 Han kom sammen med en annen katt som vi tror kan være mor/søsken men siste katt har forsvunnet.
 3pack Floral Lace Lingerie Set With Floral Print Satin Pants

--

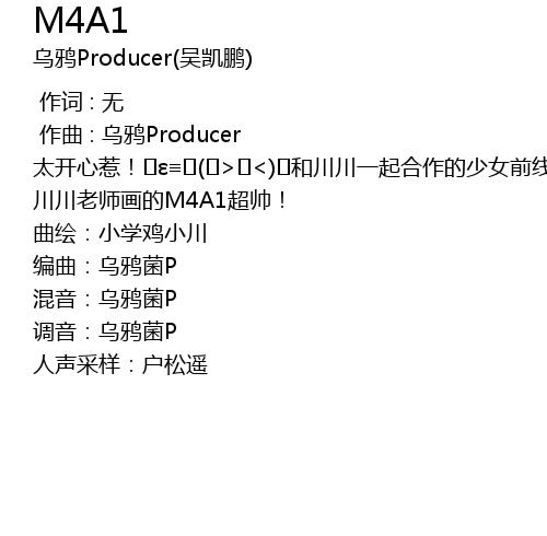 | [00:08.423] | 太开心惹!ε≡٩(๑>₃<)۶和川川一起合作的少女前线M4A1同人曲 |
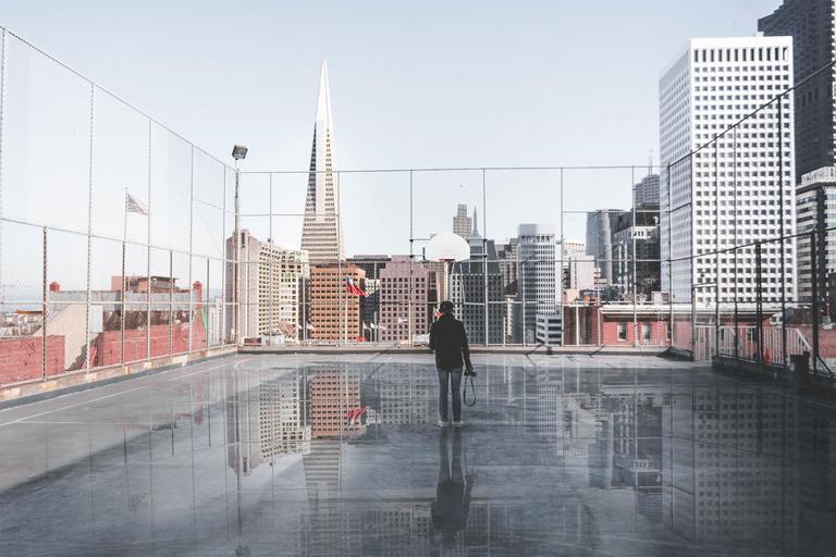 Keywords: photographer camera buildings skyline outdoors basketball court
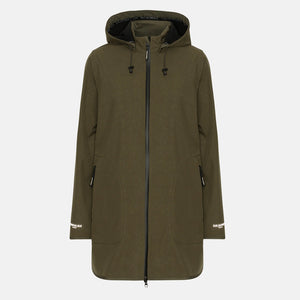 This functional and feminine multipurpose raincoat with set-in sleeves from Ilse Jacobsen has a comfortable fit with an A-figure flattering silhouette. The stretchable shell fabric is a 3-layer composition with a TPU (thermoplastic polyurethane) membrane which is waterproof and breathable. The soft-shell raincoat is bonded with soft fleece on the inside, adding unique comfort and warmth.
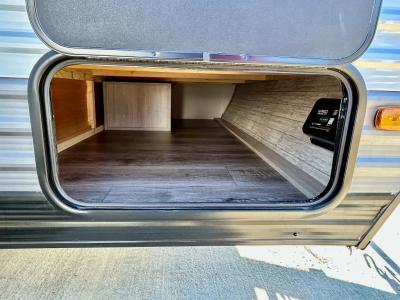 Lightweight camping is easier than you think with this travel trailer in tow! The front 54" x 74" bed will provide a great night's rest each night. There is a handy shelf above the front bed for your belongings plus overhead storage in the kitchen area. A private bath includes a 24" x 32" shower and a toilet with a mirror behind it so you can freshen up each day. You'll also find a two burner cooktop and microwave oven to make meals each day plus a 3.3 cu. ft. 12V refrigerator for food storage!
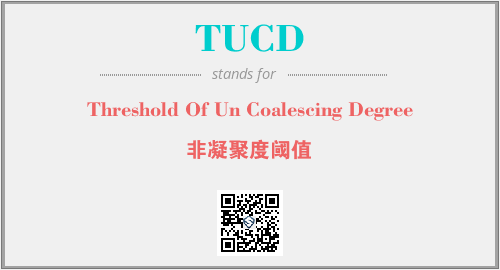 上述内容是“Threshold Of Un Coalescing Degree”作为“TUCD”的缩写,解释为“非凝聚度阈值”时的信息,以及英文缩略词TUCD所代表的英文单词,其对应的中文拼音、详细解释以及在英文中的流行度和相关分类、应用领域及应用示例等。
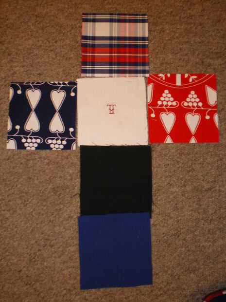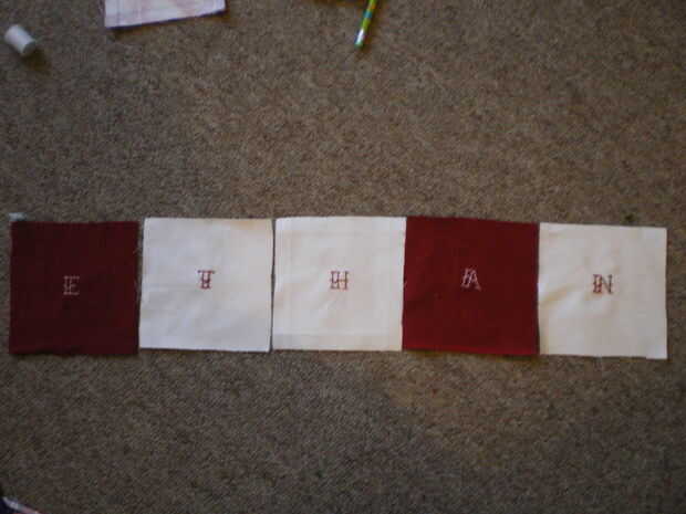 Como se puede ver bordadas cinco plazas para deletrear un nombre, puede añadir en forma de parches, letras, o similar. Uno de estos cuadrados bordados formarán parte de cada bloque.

---

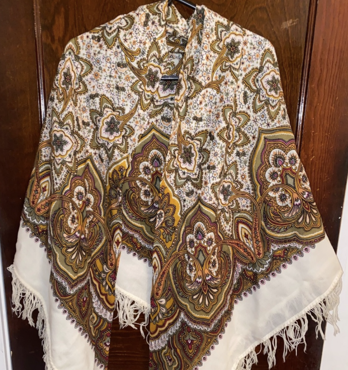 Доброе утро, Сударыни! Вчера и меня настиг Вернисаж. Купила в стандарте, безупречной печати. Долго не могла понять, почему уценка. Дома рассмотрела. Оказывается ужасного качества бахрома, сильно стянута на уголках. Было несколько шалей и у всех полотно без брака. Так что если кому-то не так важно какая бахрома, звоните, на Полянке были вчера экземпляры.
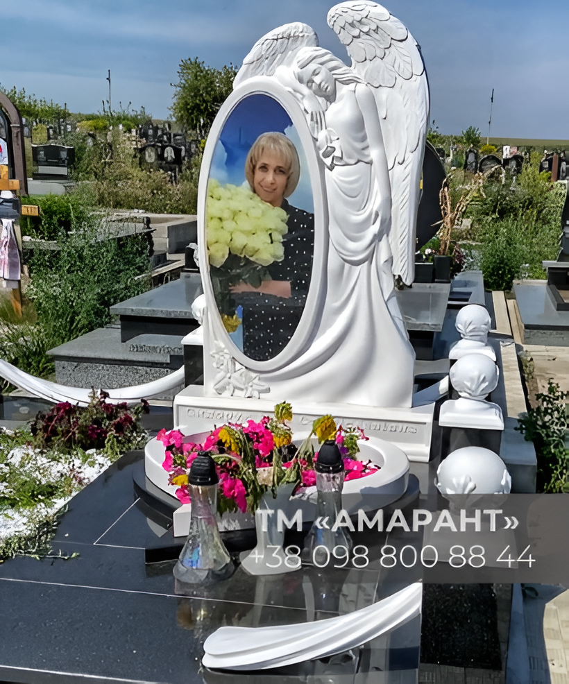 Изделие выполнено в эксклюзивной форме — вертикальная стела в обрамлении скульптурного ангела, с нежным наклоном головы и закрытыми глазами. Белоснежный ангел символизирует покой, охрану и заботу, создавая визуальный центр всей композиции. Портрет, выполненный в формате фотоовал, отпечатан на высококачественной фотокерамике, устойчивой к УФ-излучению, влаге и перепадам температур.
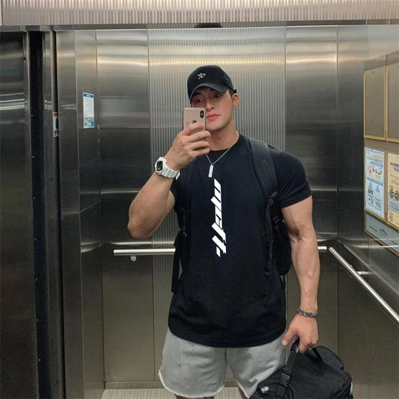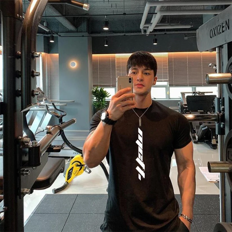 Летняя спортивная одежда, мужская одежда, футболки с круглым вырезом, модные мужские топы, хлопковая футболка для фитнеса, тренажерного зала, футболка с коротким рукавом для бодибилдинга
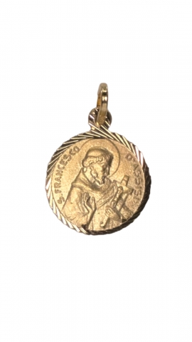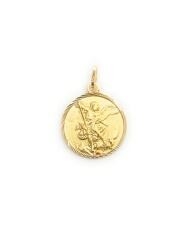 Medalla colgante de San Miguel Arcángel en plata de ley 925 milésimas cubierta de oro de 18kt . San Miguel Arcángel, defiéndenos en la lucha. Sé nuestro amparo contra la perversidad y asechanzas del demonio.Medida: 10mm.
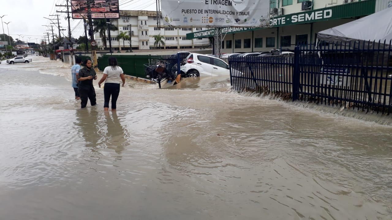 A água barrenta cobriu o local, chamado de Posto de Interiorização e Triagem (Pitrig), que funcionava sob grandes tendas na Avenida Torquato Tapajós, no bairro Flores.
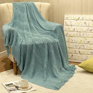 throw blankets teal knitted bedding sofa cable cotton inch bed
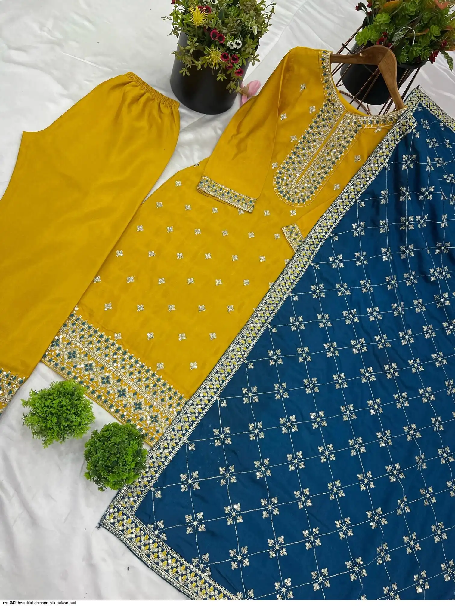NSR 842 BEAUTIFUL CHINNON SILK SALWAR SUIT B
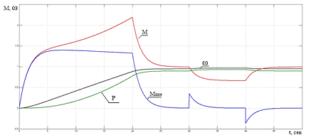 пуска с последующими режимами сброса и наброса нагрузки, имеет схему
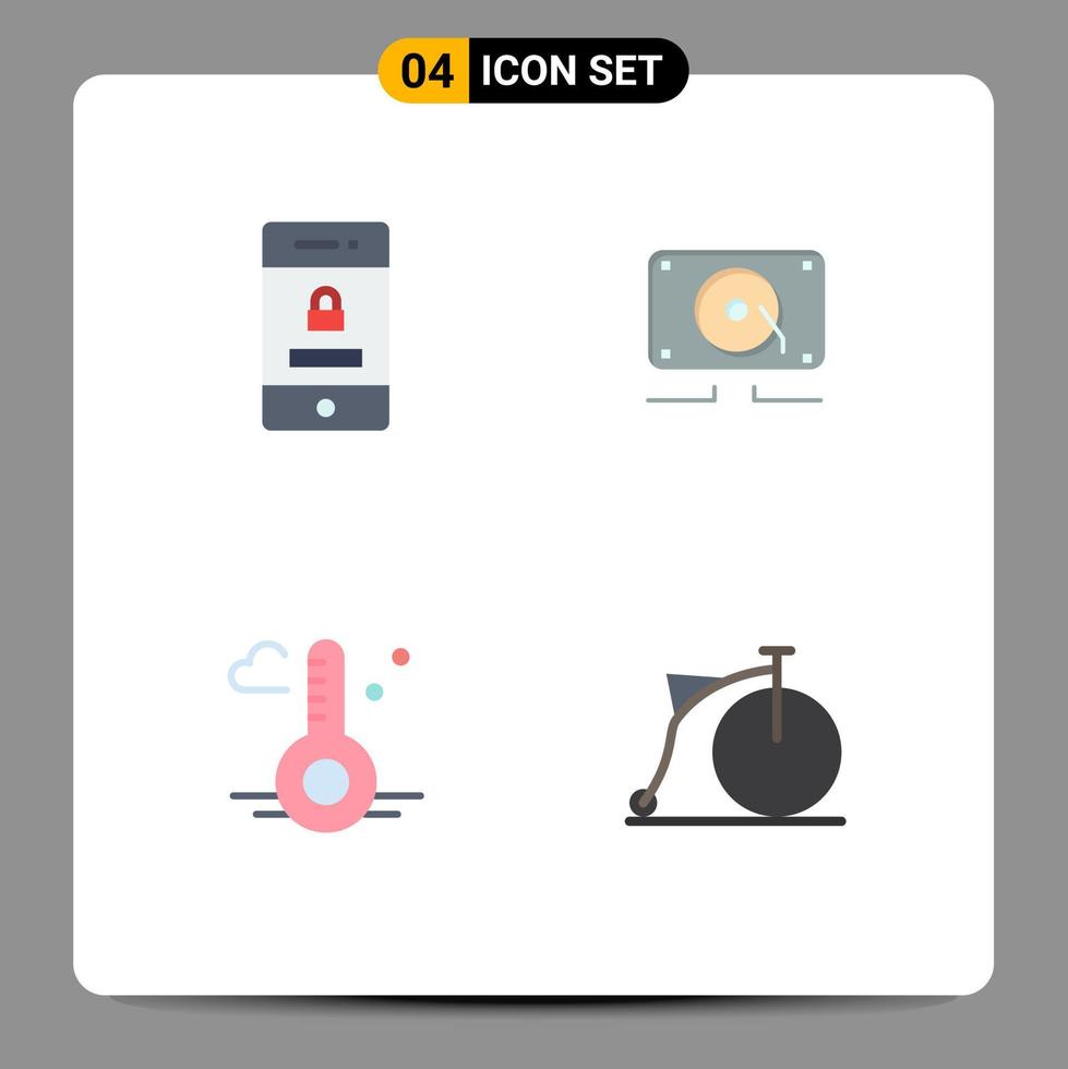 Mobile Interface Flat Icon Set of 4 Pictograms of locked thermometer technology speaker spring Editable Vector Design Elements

EXERCISE DIRECTIONS =>
Please give again the lines above between the line holding "Han kom sammen" and the line holding "3pack Floral Lace", inclusive, exactly as they are and with nothing added.

RESULT OF THE TASK =>
 Han kom sammen med en annen katt som vi tror kan være mor/søsken men siste katt har forsvunnet.
 3pack Floral Lace Lingerie Set With Floral Print Satin Pants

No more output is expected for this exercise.